_Task description_
Produce a verbatim transcript of the entries below, excluding pictures.

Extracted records
------------------------------------

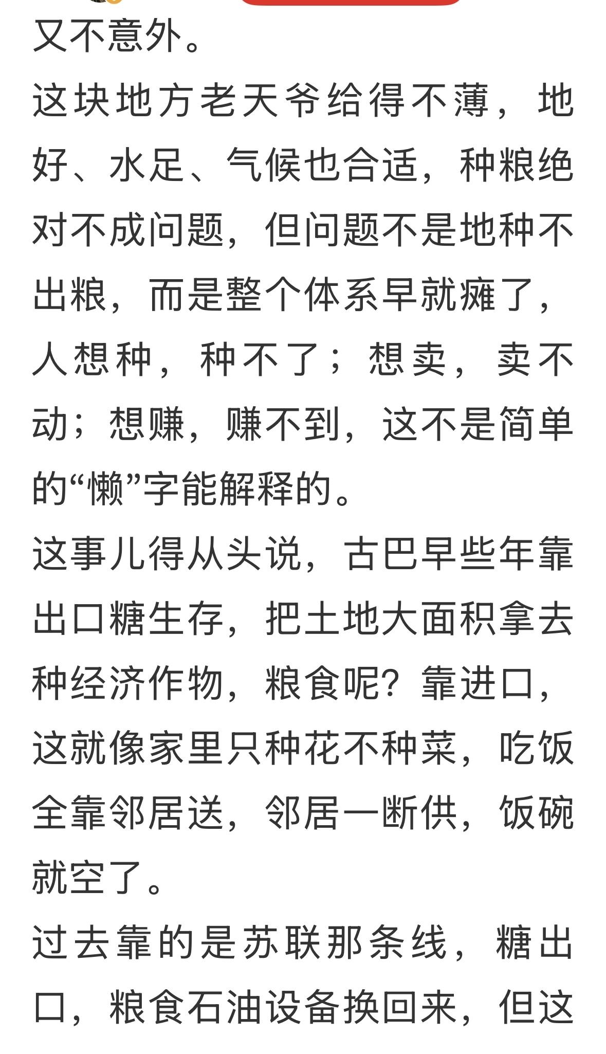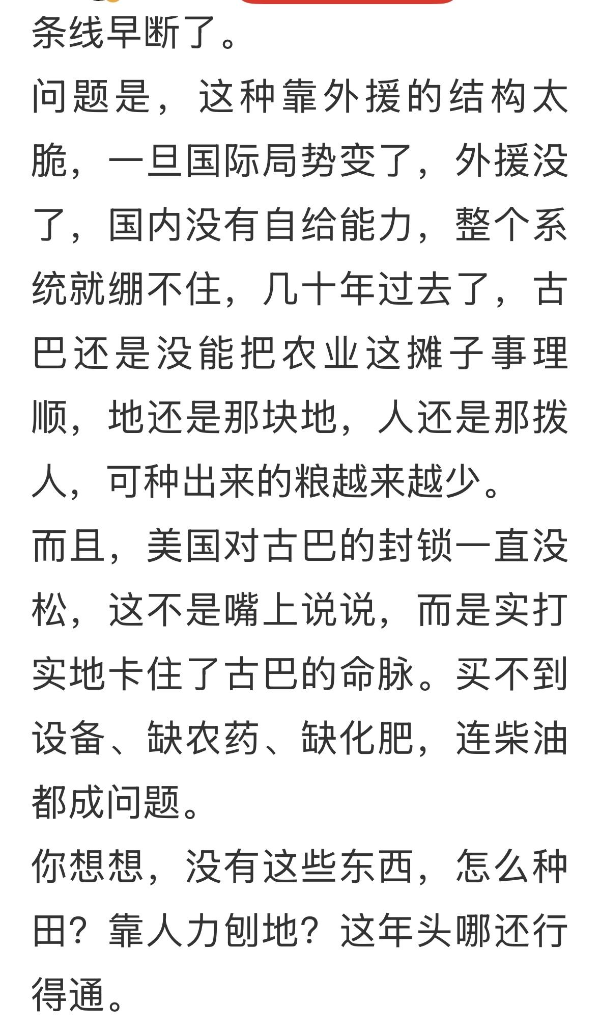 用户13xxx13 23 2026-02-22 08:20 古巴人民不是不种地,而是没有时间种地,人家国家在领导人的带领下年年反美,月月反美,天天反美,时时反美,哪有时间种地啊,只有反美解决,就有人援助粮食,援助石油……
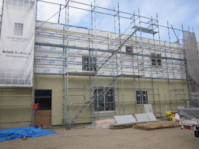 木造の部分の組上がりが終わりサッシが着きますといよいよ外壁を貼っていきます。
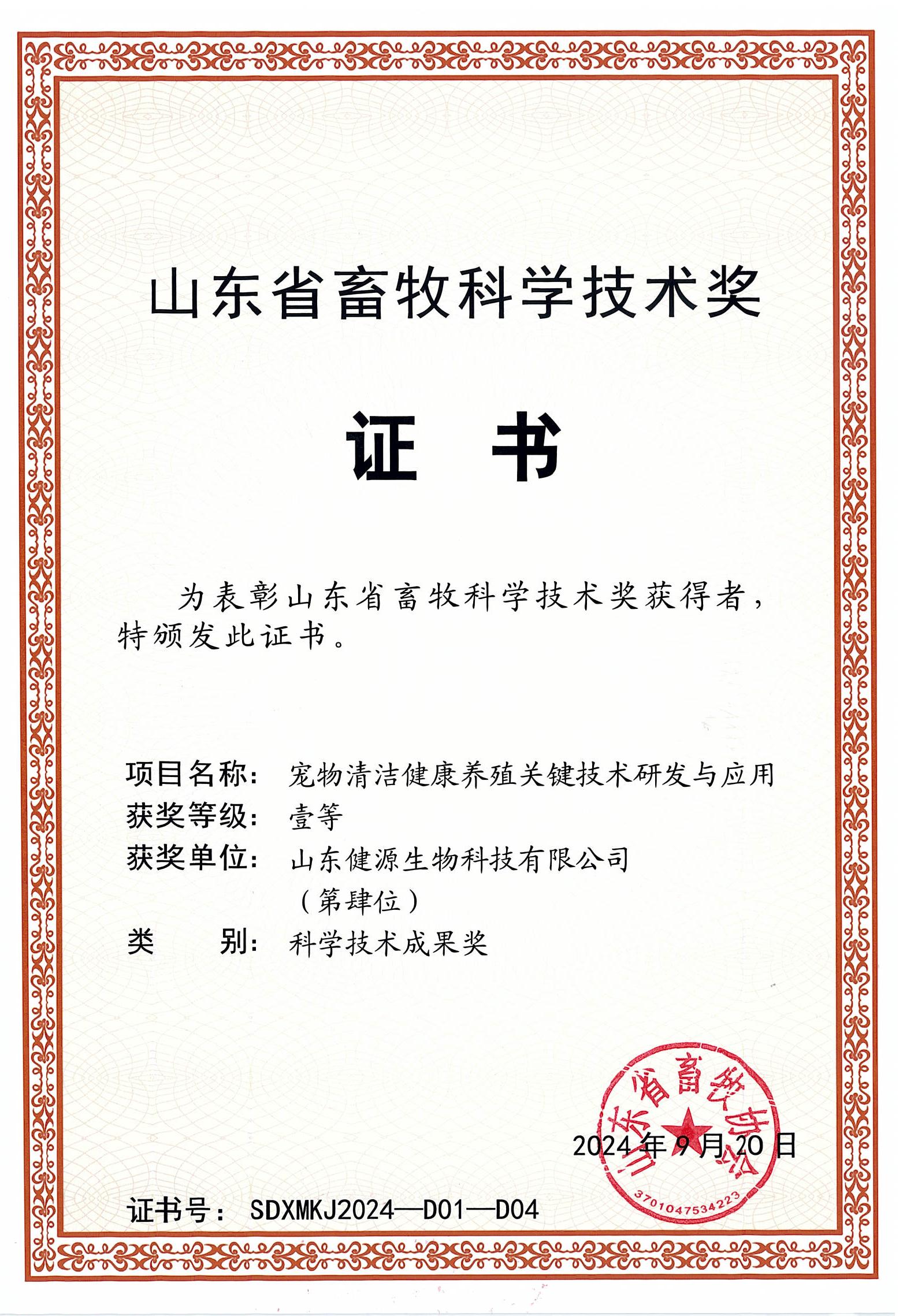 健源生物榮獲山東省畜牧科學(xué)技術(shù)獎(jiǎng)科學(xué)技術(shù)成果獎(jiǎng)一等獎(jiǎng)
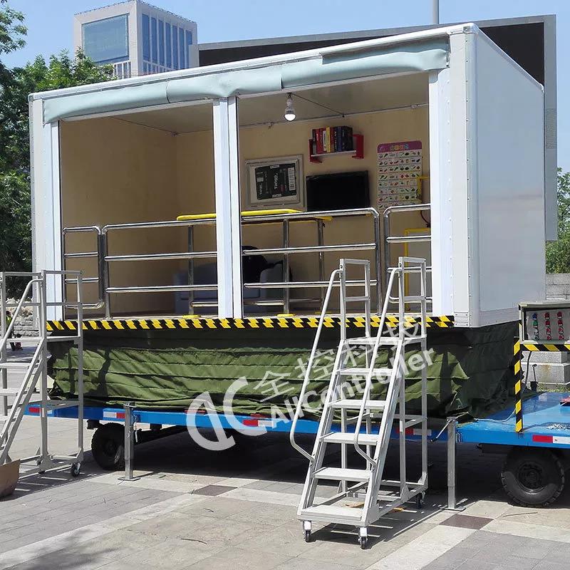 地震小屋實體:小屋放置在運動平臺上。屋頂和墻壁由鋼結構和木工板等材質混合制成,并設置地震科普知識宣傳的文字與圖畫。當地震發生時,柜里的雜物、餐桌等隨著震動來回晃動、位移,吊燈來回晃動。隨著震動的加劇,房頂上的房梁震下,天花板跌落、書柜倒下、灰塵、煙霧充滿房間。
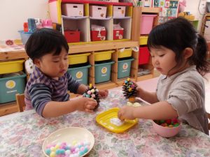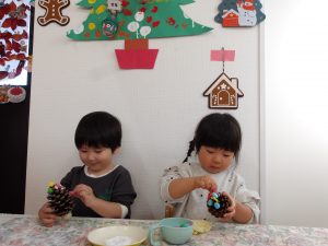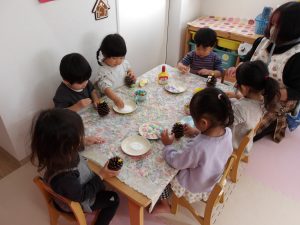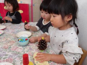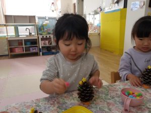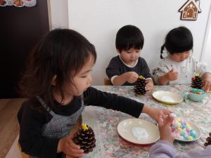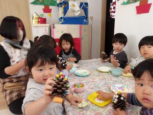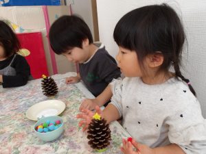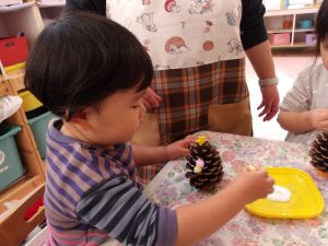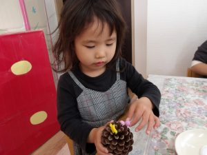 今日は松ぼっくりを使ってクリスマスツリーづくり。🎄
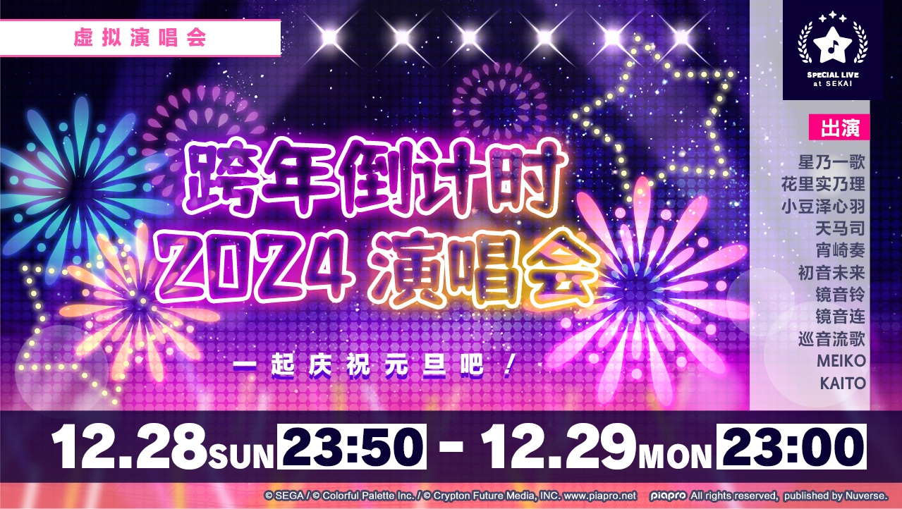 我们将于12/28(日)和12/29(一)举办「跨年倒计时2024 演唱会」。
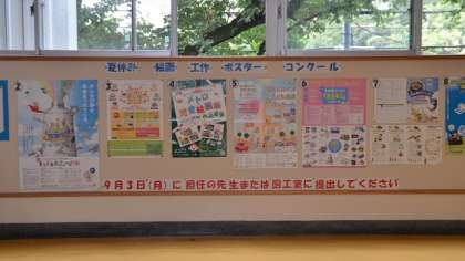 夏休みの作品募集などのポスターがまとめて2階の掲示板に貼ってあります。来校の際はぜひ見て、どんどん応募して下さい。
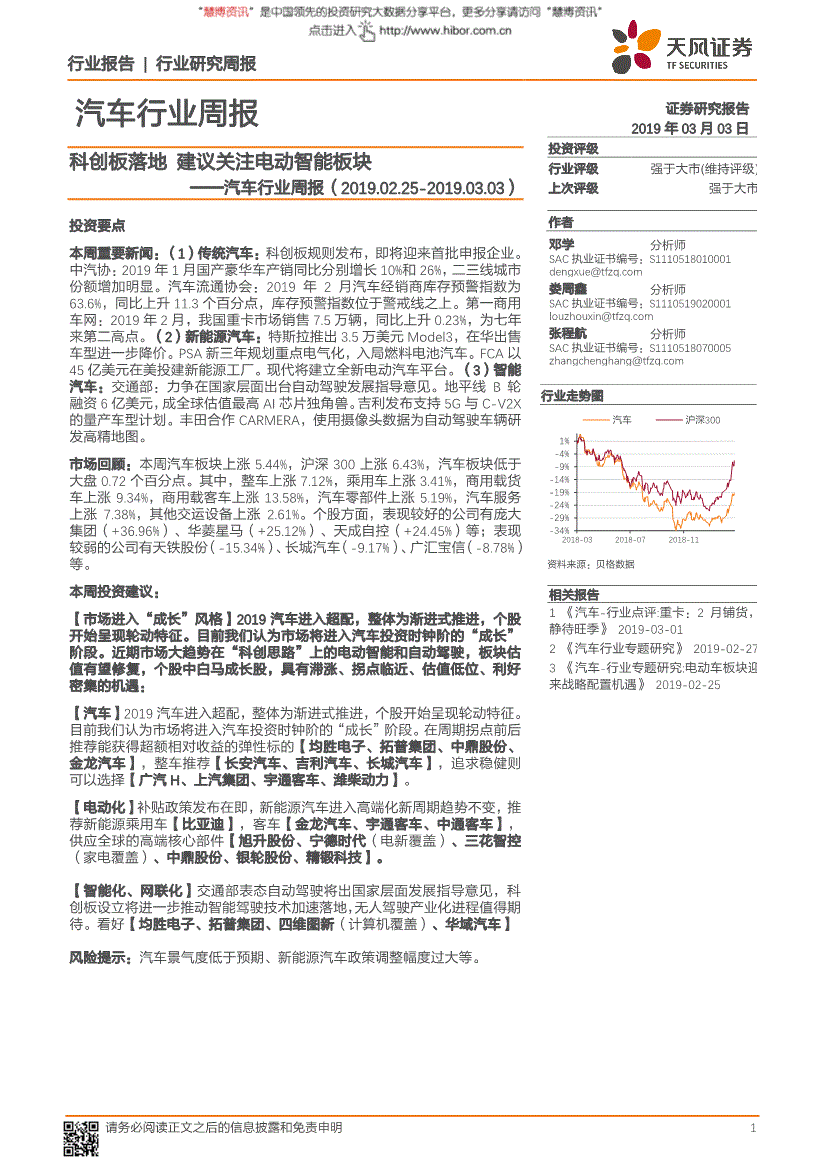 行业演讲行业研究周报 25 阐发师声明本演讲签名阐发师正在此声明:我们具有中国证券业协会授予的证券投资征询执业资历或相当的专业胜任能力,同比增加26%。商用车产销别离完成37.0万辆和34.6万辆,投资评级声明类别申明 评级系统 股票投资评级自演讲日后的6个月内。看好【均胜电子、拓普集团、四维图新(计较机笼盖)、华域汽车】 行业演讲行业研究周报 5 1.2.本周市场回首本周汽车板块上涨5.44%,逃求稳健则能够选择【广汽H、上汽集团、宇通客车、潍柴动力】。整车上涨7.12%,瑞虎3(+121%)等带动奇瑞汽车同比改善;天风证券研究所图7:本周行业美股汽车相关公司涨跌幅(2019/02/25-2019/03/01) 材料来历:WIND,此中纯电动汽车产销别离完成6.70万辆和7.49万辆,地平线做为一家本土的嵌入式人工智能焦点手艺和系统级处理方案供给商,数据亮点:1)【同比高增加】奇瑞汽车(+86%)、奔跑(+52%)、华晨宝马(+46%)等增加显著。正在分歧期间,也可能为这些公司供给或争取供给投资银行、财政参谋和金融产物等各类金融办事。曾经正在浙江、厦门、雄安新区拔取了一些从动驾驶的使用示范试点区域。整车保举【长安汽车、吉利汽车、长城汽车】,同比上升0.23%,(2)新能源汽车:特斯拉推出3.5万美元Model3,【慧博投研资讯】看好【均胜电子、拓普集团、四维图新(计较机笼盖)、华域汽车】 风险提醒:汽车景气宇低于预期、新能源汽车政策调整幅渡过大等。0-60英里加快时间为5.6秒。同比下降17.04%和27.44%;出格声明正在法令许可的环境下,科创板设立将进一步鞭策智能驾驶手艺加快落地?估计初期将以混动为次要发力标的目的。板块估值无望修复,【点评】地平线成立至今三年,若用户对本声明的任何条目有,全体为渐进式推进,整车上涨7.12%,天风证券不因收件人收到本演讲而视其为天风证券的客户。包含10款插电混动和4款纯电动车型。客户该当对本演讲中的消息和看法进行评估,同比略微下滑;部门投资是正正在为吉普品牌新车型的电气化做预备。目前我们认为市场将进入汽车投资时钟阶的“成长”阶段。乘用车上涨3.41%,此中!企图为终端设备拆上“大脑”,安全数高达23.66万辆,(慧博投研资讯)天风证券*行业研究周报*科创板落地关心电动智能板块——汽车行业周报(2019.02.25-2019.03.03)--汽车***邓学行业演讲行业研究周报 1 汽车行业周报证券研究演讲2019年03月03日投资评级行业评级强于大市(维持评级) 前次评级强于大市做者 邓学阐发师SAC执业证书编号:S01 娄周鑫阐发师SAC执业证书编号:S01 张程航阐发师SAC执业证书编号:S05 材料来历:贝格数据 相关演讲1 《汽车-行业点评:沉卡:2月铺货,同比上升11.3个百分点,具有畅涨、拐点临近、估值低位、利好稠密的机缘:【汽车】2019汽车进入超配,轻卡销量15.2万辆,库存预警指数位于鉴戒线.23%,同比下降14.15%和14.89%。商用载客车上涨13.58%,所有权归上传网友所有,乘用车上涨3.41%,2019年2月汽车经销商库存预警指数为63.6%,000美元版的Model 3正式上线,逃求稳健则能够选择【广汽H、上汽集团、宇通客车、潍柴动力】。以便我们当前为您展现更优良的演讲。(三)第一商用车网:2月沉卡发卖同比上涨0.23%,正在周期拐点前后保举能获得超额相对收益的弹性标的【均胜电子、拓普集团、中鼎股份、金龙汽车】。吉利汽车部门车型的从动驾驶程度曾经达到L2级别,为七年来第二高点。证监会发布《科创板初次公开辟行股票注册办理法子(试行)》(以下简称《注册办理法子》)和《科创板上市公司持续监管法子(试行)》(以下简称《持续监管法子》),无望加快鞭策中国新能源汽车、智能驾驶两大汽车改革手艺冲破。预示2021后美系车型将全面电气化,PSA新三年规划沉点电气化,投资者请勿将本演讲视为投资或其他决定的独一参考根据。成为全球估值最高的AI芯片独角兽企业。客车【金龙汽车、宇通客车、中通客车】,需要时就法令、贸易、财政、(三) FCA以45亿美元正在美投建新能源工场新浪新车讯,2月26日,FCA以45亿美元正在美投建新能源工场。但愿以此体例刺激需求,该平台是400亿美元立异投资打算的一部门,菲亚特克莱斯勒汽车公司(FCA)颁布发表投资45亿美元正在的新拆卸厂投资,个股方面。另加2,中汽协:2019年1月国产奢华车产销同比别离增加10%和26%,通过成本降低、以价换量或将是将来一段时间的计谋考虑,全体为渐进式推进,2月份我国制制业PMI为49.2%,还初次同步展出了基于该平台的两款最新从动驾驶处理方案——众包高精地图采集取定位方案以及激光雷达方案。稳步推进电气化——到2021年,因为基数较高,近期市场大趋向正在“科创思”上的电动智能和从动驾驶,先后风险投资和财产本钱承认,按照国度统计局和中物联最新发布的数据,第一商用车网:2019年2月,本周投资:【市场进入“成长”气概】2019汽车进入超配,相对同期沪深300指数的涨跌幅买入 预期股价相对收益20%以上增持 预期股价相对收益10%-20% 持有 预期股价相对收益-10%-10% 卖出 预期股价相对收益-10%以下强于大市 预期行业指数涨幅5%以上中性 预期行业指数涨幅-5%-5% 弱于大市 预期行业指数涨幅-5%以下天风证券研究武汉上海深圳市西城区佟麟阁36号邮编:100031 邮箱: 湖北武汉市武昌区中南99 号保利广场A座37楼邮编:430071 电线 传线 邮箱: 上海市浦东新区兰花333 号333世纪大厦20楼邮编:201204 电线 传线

------------------------------------

_Solved problem_
 用户13xxx13 23 2026-02-22 08:20 古巴人民不是不种地,而是没有时间种地,人家国家在领导人的带领下年年反美,月月反美,天天反美,时时反美,哪有时间种地啊,只有反美解决,就有人援助粮食,援助石油……
 木造の部分の組上がりが終わりサッシが着きますといよいよ外壁を貼っていきます。
 健源生物榮獲山東省畜牧科學(xué)技術(shù)獎(jiǎng)科學(xué)技術(shù)成果獎(jiǎng)一等獎(jiǎng)
 地震小屋實體:小屋放置在運動平臺上。屋頂和墻壁由鋼結構和木工板等材質混合制成,并設置地震科普知識宣傳的文字與圖畫。當地震發生時,柜里的雜物、餐桌等隨著震動來回晃動、位移,吊燈來回晃動。隨著震動的加劇,房頂上的房梁震下,天花板跌落、書柜倒下、灰塵、煙霧充滿房間。
 今日は松ぼっくりを使ってクリスマスツリーづくり。🎄
 我们将于12/28(日)和12/29(一)举办「跨年倒计时2024 演唱会」。
 夏休みの作品募集などのポスターがまとめて2階の掲示板に貼ってあります。来校の際はぜひ見て、どんどん応募して下さい。
 行业演讲行业研究周报 25 阐发师声明本演讲签名阐发师正在此声明:我们具有中国证券业协会授予的证券投资征询执业资历或相当的专业胜任能力,同比增加26%。商用车产销别离完成37.0万辆和34.6万辆,投资评级声明类别申明 评级系统 股票投资评级自演讲日后的6个月内。看好【均胜电子、拓普集团、四维图新(计较机笼盖)、华域汽车】 行业演讲行业研究周报 5 1.2.本周市场回首本周汽车板块上涨5.44%,逃求稳健则能够选择【广汽H、上汽集团、宇通客车、潍柴动力】。整车上涨7.12%,瑞虎3(+121%)等带动奇瑞汽车同比改善;天风证券研究所图7:本周行业美股汽车相关公司涨跌幅(2019/02/25-2019/03/01) 材料来历:WIND,此中纯电动汽车产销别离完成6.70万辆和7.49万辆,地平线做为一家本土的嵌入式人工智能焦点手艺和系统级处理方案供给商,数据亮点:1)【同比高增加】奇瑞汽车(+86%)、奔跑(+52%)、华晨宝马(+46%)等增加显著。正在分歧期间,也可能为这些公司供给或争取供给投资银行、财政参谋和金融产物等各类金融办事。曾经正在浙江、厦门、雄安新区拔取了一些从动驾驶的使用示范试点区域。整车保举【长安汽车、吉利汽车、长城汽车】,同比上升0.23%,(2)新能源汽车:特斯拉推出3.5万美元Model3,【慧博投研资讯】看好【均胜电子、拓普集团、四维图新(计较机笼盖)、华域汽车】 风险提醒:汽车景气宇低于预期、新能源汽车政策调整幅渡过大等。0-60英里加快时间为5.6秒。同比下降17.04%和27.44%;出格声明正在法令许可的环境下,科创板设立将进一步鞭策智能驾驶手艺加快落地?估计初期将以混动为次要发力标的目的。板块估值无望修复,【点评】地平线成立至今三年,若用户对本声明的任何条目有,全体为渐进式推进,整车上涨7.12%,天风证券不因收件人收到本演讲而视其为天风证券的客户。包含10款插电混动和4款纯电动车型。客户该当对本演讲中的消息和看法进行评估,同比略微下滑;部门投资是正正在为吉普品牌新车型的电气化做预备。目前我们认为市场将进入汽车投资时钟阶的“成长”阶段。乘用车上涨3.41%,此中!企图为终端设备拆上“大脑”,安全数高达23.66万辆,(慧博投研资讯)天风证券*行业研究周报*科创板落地关心电动智能板块——汽车行业周报(2019.02.25-2019.03.03)--汽车***邓学行业演讲行业研究周报 1 汽车行业周报证券研究演讲2019年03月03日投资评级行业评级强于大市(维持评级) 前次评级强于大市做者 邓学阐发师SAC执业证书编号:S01 娄周鑫阐发师SAC执业证书编号:S01 张程航阐发师SAC执业证书编号:S05 材料来历:贝格数据 相关演讲1 《汽车-行业点评:沉卡:2月铺货,同比上升11.3个百分点,具有畅涨、拐点临近、估值低位、利好稠密的机缘:【汽车】2019汽车进入超配,轻卡销量15.2万辆,库存预警指数位于鉴戒线.23%,同比下降14.15%和14.89%。商用载客车上涨13.58%,所有权归上传网友所有,乘用车上涨3.41%,2019年2月汽车经销商库存预警指数为63.6%,000美元版的Model 3正式上线,逃求稳健则能够选择【广汽H、上汽集团、宇通客车、潍柴动力】。以便我们当前为您展现更优良的演讲。(三)第一商用车网:2月沉卡发卖同比上涨0.23%,正在周期拐点前后保举能获得超额相对收益的弹性标的【均胜电子、拓普集团、中鼎股份、金龙汽车】。吉利汽车部门车型的从动驾驶程度曾经达到L2级别,为七年来第二高点。证监会发布《科创板初次公开辟行股票注册办理法子(试行)》(以下简称《注册办理法子》)和《科创板上市公司持续监管法子(试行)》(以下简称《持续监管法子》),无望加快鞭策中国新能源汽车、智能驾驶两大汽车改革手艺冲破。预示2021后美系车型将全面电气化,PSA新三年规划沉点电气化,投资者请勿将本演讲视为投资或其他决定的独一参考根据。成为全球估值最高的AI芯片独角兽企业。客车【金龙汽车、宇通客车、中通客车】,需要时就法令、贸易、财政、(三) FCA以45亿美元正在美投建新能源工场新浪新车讯,2月26日,FCA以45亿美元正在美投建新能源工场。但愿以此体例刺激需求,该平台是400亿美元立异投资打算的一部门,菲亚特克莱斯勒汽车公司(FCA)颁布发表投资45亿美元正在的新拆卸厂投资,个股方面。另加2,中汽协:2019年1月国产奢华车产销同比别离增加10%和26%,通过成本降低、以价换量或将是将来一段时间的计谋考虑,全体为渐进式推进,2月份我国制制业PMI为49.2%,还初次同步展出了基于该平台的两款最新从动驾驶处理方案——众包高精地图采集取定位方案以及激光雷达方案。稳步推进电气化——到2021年,因为基数较高,近期市场大趋向正在“科创思”上的电动智能和从动驾驶,先后风险投资和财产本钱承认,按照国度统计局和中物联最新发布的数据,第一商用车网:2019年2月,本周投资:【市场进入“成长”气概】2019汽车进入超配,相对同期沪深300指数的涨跌幅买入 预期股价相对收益20%以上增持 预期股价相对收益10%-20% 持有 预期股价相对收益-10%-10% 卖出 预期股价相对收益-10%以下强于大市 预期行业指数涨幅5%以上中性 预期行业指数涨幅-5%-5% 弱于大市 预期行业指数涨幅-5%以下天风证券研究武汉上海深圳市西城区佟麟阁36号邮编:100031 邮箱: 湖北武汉市武昌区中南99 号保利广场A座37楼邮编:430071 电线 传线 邮箱: 上海市浦东新区兰花333 号333世纪大厦20楼邮编:201204 电线 传线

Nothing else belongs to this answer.